Both Hillary Clinton and Donald Trump are in commanding positions heading into Super Tuesday. Buoyed by victories in recent weeks both front-runners expect to dominate the Southern heavy voting.
But straight up victories will not tell the story of who won the night. The reason why is simple: delegates. Specifically, the way the state and national parties allocate them. Due to RNC and DNC rules, no state is allowed to allocate all its delegates to the winner until after March 8th. In an effort to get around this rule though many Super Tuesday states have minimum threshold support a candidate must maintain to receive delegates.
These rules have the potential to make the ultimate winner of Super Tuesday, well, less of a winner. Tomorrow, voting states will allocate their delegates proportionally with a threshold of either 15 percent (Arkansas, Oklahoma) or 20 percent (Texas, Alabama, Georgia, Tennessee, Vermont) of the vote. In other words, the state divides up its delegates proportionally between the candidates who surpass the threshold.
For some candidates these rules are incredibly beneficial (Rubio and Cruz). Yet, for others, Kasich and Carson, the rules are disastrous because neither is polling strongly outside of one or two states. For Trump, the rules stink because it means his wins will not allocate him all the delegates of the states.
However, this is not a given. Cruz and Rubio have the potential to see their lanes of support split with Kasich and Carson in the mix. This means that in some states they could fall under the needed thresholds for delegates. The primary beneficiary of this would be Trump but it also is true that Cruz or Rubio could benefit (assuming one falls under the threshold).
Winning/losing and pure percentages are not the only things that matter. So will margins. For example, if Cruz is racking up big margins in TX it likely means he is winning congressional districts and tallying up more delegates. By the same token, smaller Trump victories tomorrow mean he is likely not winning all the districts he could have.
Put another way, according to RNC rules, each congressional district gets three delegates to the national convention. And in many states (including Texas, Georgia, Alabama, Tennessee, among those voting Tuesday) those delegates are allocated based on the results in each district. If a candidate wins a state by a large margin, he’s more likely to rack up delegates in more of that state’s congressional districts. We saw this in South Carolina – Trump beat Rubio 32.5 percent-22.5 percent, but that was enough to carry every congressional district and net him all 50 of the delegates.

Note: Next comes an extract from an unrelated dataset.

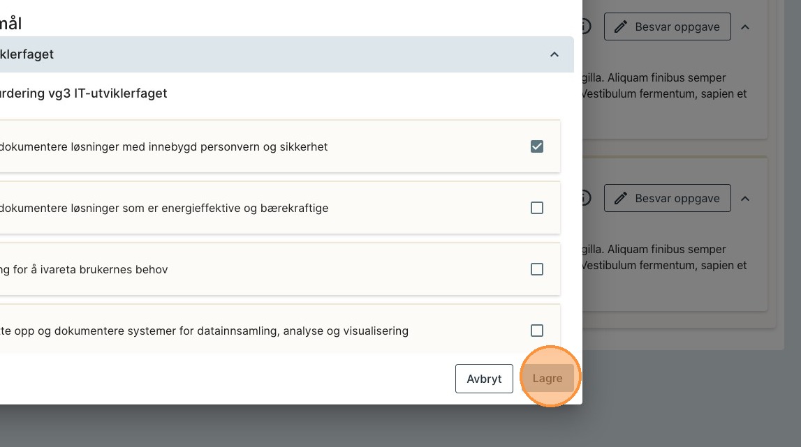 Obs: Legg merke til at du må gjøre dette for alle oppgavene du har fått.

Most notably, in the two biggest delegate rich prizes tomorrow, TX and GA, a majority of delegates are allocated by CD. In TX it’s 108 (36*3) while in Georgia it is 42 (14*3) out of 155 and 76 total delegates.
For some candidates some states have more meaning than others. Cruz desperately needs to win TX because be badly trails Trump in many states and Rubio is edging him out in others. In addition, Cruz could probably never recover losing his home state.
Trump, due to his commanding lead in delegate totals and polls to date, can easily stand to lose Texas and still rack up the most delegates for the day. Even a massive Cruz win in TX would likely not blunt Trump’s margins elsewhere.
For Rubio, the strategy is simple to survive until Florida. If he can finished second in many states (VA, AR, OK, GA, MN and AL) are probably his best bets he can plausibly come out of Super Tuesday still in the game and the candidate of the establishment. If you are Carson or Kasich, it’s a wing and a prayer night.